- **YOUR ASSIGNMENT**
Output the listing verbatim, leaving out every picture.

- **INPUT DATA**

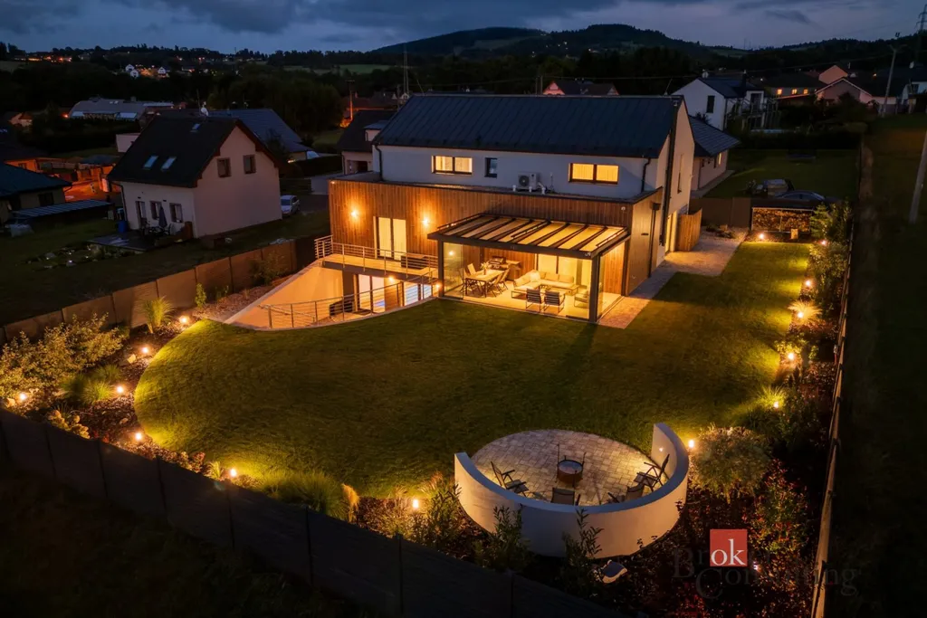 Jedinečná nabídka luxusního rodinného domu v žádané lokalitě Minkovic u Liberce, jenž byl zkolaudovaný teprve na konci roku 2023 s energetickou náročností B. Jen zde najdete ideální kombinaci životního prostoru v dispozici 6+KK a klidu na každodenní relaxaci na ploše přes 333m2, k čemuž Vám poslouží 25m2 prosklená zimní zahrada s bioklimatickým systémem s možností plného otevření a v podzemním podlaží 71m2 vnitřní bazén a sauna, společně s privátní odpočinkovou venkovní zónou. To vše s důrazem na Vaše bezpečí a pohodlí s garáží pro 2 automobily na ploše přes 46m2, elektrickými a přes aplikaci ovládanými venkovními roletami a zabezpečovacím systémem. Ideální velikost pozemku o velikosti 787m Vám zaručí dostatek prostoru celé Vaší rodině nebo na setkávání s přáteli, kde samozřejmě nechybí integrované zavlažování. A s příchodem soumraku, kdy dům rozzáří noční osvětlení, si to tu teprve zamilujete. Tak neváhejte a přijeďte se osobně přesvědčit, že tento dům byl stvořen přímo pro Vás.
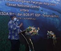 RIAUONE.COM,SIAK- Bupati Siak Alfedri menyaksikan penandatanganan Perjanjian Kerja Sama (PKS) pengelolaan Taman Nasional Zamrud, antara BOB PT. BSP - Pertamina Hulu, dan Balai Besar Konservasi Sumber Daya Alam (BBKSDA) Riau, dilaksanakan di Ballroom II, L
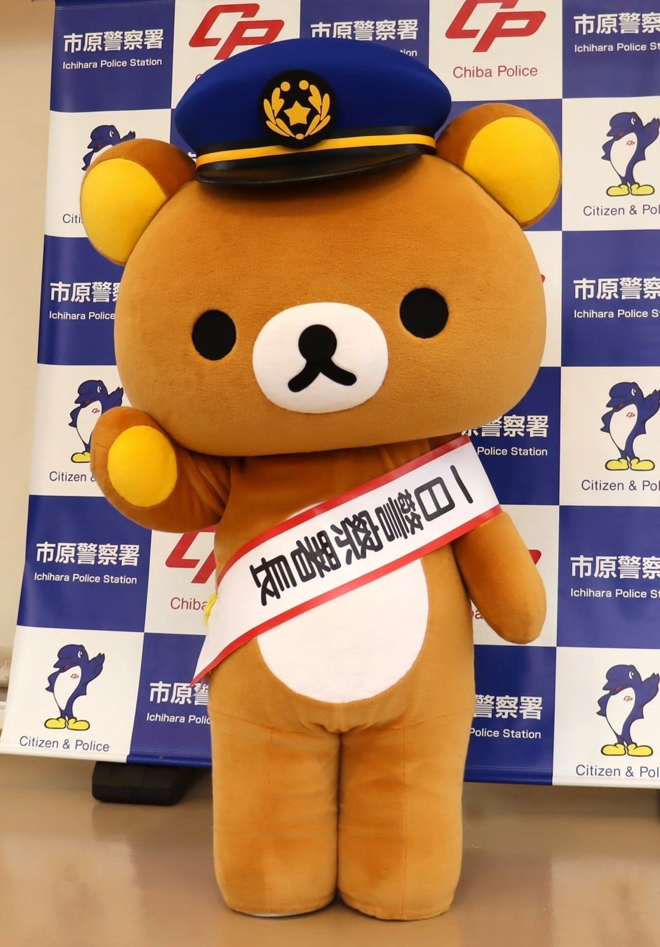 リラックマは、市原警察署一日署長委嘱式にて委嘱状を受け取ると、警察帽子をかぶった姿で写真撮影に応じ、訪れた方に交通安全を呼びかけました。

- **FINISHED TASK**
 Jedinečná nabídka luxusního rodinného domu v žádané lokalitě Minkovic u Liberce, jenž byl zkolaudovaný teprve na konci roku 2023 s energetickou náročností B. Jen zde najdete ideální kombinaci životního prostoru v dispozici 6+KK a klidu na každodenní relaxaci na ploše přes 333m2, k čemuž Vám poslouží 25m2 prosklená zimní zahrada s bioklimatickým systémem s možností plného otevření a v podzemním podlaží 71m2 vnitřní bazén a sauna, společně s privátní odpočinkovou venkovní zónou. To vše s důrazem na Vaše bezpečí a pohodlí s garáží pro 2 automobily na ploše přes 46m2, elektrickými a přes aplikaci ovládanými venkovními roletami a zabezpečovacím systémem. Ideální velikost pozemku o velikosti 787m Vám zaručí dostatek prostoru celé Vaší rodině nebo na setkávání s přáteli, kde samozřejmě nechybí integrované zavlažování. A s příchodem soumraku, kdy dům rozzáří noční osvětlení, si to tu teprve zamilujete. Tak neváhejte a přijeďte se osobně přesvědčit, že tento dům byl stvořen přímo pro Vás.
 RIAUONE.COM,SIAK- Bupati Siak Alfedri menyaksikan penandatanganan Perjanjian Kerja Sama (PKS) pengelolaan Taman Nasional Zamrud, antara BOB PT. BSP - Pertamina Hulu, dan Balai Besar Konservasi Sumber Daya Alam (BBKSDA) Riau, dilaksanakan di Ballroom II, L
 リラックマは、市原警察署一日署長委嘱式にて委嘱状を受け取ると、警察帽子をかぶった姿で写真撮影に応じ、訪れた方に交通安全を呼びかけました。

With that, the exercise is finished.